Association analysis between 14 SNPs and clinical test indexes of HCC patients
In this study, the levels of AFP, AST, ALT and AST/ALT ratio in HCC patients did not conform to the normal distribution. Mann-Whitney U test was used to explore the correlation between the distribution of 14 SNP genotypes and these indicators. FDR correction was performed for all P values at the same time. As shown in Figure 3B, the AST and ALT levels in patients with rs1134492 CC + TC genotype were significantly higher than those in patients with TT genotype (corrected P = 0.042 and 0.014, respectively). Meanwhile, AST/ALT ratio was significantly higher in patients with rs10589312 TCTTGC/TCTTGC + TCTTGC/T genotype than in patients with TT genotype (corrected P = 0.021), and AST/ALT ratio were significantly lower in patients with rs84557 CC + CT genotype than in patients with TT genotype (corrected P = 0.006). In addition, the results of the correlation analysis of the clinical test indexes are shown in Supplementary Figure 3.

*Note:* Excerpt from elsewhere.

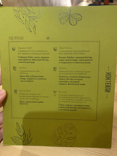 Частенько ходим в этот бар, классная атмосфера, персонал, еда и напитки. Бывали на квестах и просто отдыхали. Но последнее время стал очень разочаровывать, коктейли начали разбавлять, а в кухне особо ничего и не добавляется (кухня вообще отличная, но если вы следите за питанием как и я, то кроме фруктовой тарелки ничего не заказать, уточню, это, возможно, последствия карантина, все может и наладиться 😉). Но из-за напитков я очень разочарована, кальяна теперь тоже нет, выйти на улицу покурить, оставив вещи внутри и взять с собой коктейль, теперь тоже нельзя. Если возникает вопрос, куда пойти вечером и отдохнуть, то я лучше предпочту другой бар, где мне одного коктейля хватит на вечер, а не 4-5 в Прогнозе (и это не значит, что мне много надо, просто слишком заметная разница, да и цена тоже не особо отличается. В Прогнозе цена коктейля 400-500 р, на Менделеевской или на Центральном рынке 450-600). Звезду за это я снимать не буду, уж очень вы мне раньше нравились, надеюсь, вы поработаете...
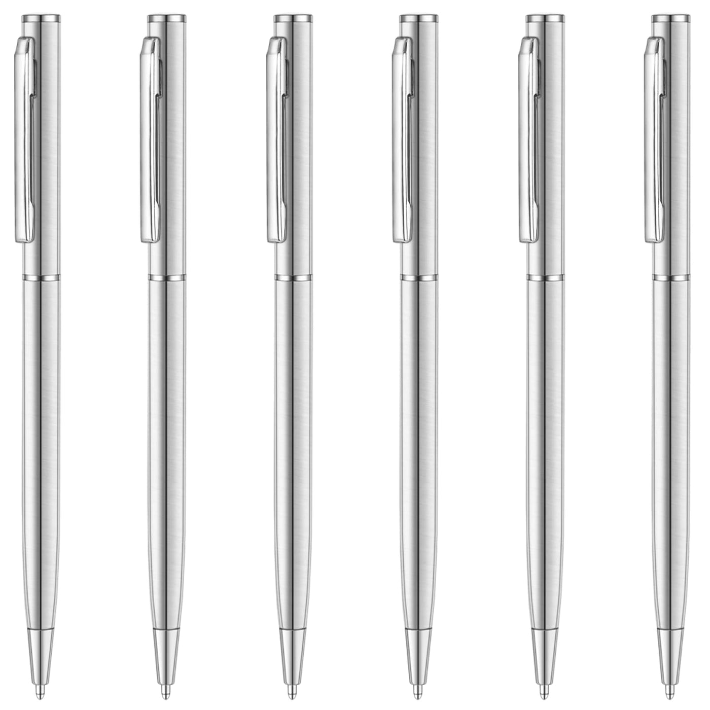 Notes:100% Money Back Guarantee: Please Feel Free To Contact Us For Refund Or Replacement If You'Ve Been Unsatisfied For Our Products. Features:Ultra Thin And Lightweight Design, Classy Stainless Steel Lookretractable Ball Pen, Capless, No Need To Worry That The Cap Would Be Losttwist Feature Prevents The Pen Tip From Accidently Inking Your Pocketinexpensive Upgrade From The Multi-Packs To Primary Writing Instrument.Good Quality, Writes Smoothly, No Skips Or Lags Recommended Occasions:School: Notes/Homework/Examoffice: Signing Checks/Taking Notes/Filling Out Formsprofessionals: Detective/Executive/Lawyer/Teacher/Medical Officer/Attroney/Boss/Policejournalingwedding Guest Registry Gift Ideas:Birthdaychristmasfather'S Daygraduationannual Bonusoffice Specifications:Material: Stainless Steelpen Weight: 1 Ozpackage Weight: 2 Ozpen Size: 5.5' Length 0.5' Widthpackage Size: 6.5'X1.5'X0.5' What'S In The Package?6 X Slim Stainless Steel Ball Pens

Acquisition of mRNAs targeted by miRNAs
In this association study, five SNPs (rs7958904, rs3931282, rs1134492, rs10589312 and rs84557) were found to be associated with the occurrence and prognosis of HCC. These five loci located on lncRNA coding genes would affect the binding of six microRNAs (miR-615-3p, miR-205-5p, miR-34b-5p, miR-183-3p, miR-31-5p and miR-33b-5p) to lncRNAs (Figure 1E). The target genes of these six miRNAs were obtained by selecting the miRWalk and miRTarBase and screening the mRNAs shared by the two databases. For miR-615-3p, highly expressed DEmRNAs in tumors were also compared with candidate target mRNAs to obtain cross-genes between them. Finally, 57 target genes of miR-615-3p, 163 target genes of miR-205-5p, 92 target genes of miR-34b-5p, 108 target genes of miR-183-3p, 171 target genes of miR-31-5p and 87 target genes of miR-33b-5p were extracted (Figure 4A, Figure 4D, Figure 4G, Figure 4J, Figure 4M and Figure 4P, respectively).
The modular analyses of PPI network of miRNA-target mRNAs
Firstly, PPI networks of six miRNAs targets were constructed based on String, and the Cytoscape plug-in MCODE was used for module analysis. Then, the PPI networks of miR-615-3p, miR-205-5p, miR-34b-5p, miR-183-3p, miR-31-5p and miR-33b-5p target genes were constructed into two, five, three, three, six and three functional modules, respectively. (Figure 4B, Figure 4E, Figure 4H, Figure 4K, Figure 4N and Figure 4Q, respectively). Furthermore, KEGG or Go-BP enrichment of the most important modules was performed using Cytoscape plug-ins ClueGO and CluePedia, which was the first cluster in the PPI network module analysis of the six miRNAs target genes. The results of KEGG or Go-BP enrichment analysis were shown in Figure 4C, Figure 4F, Figure 4I, Figure 4L, Figure 4O and Figure 4R. Therefore, the targets of the above miRNAs may be involved in the occurrence and development of HCC by participating in the pathways or biological processes shown in the figure.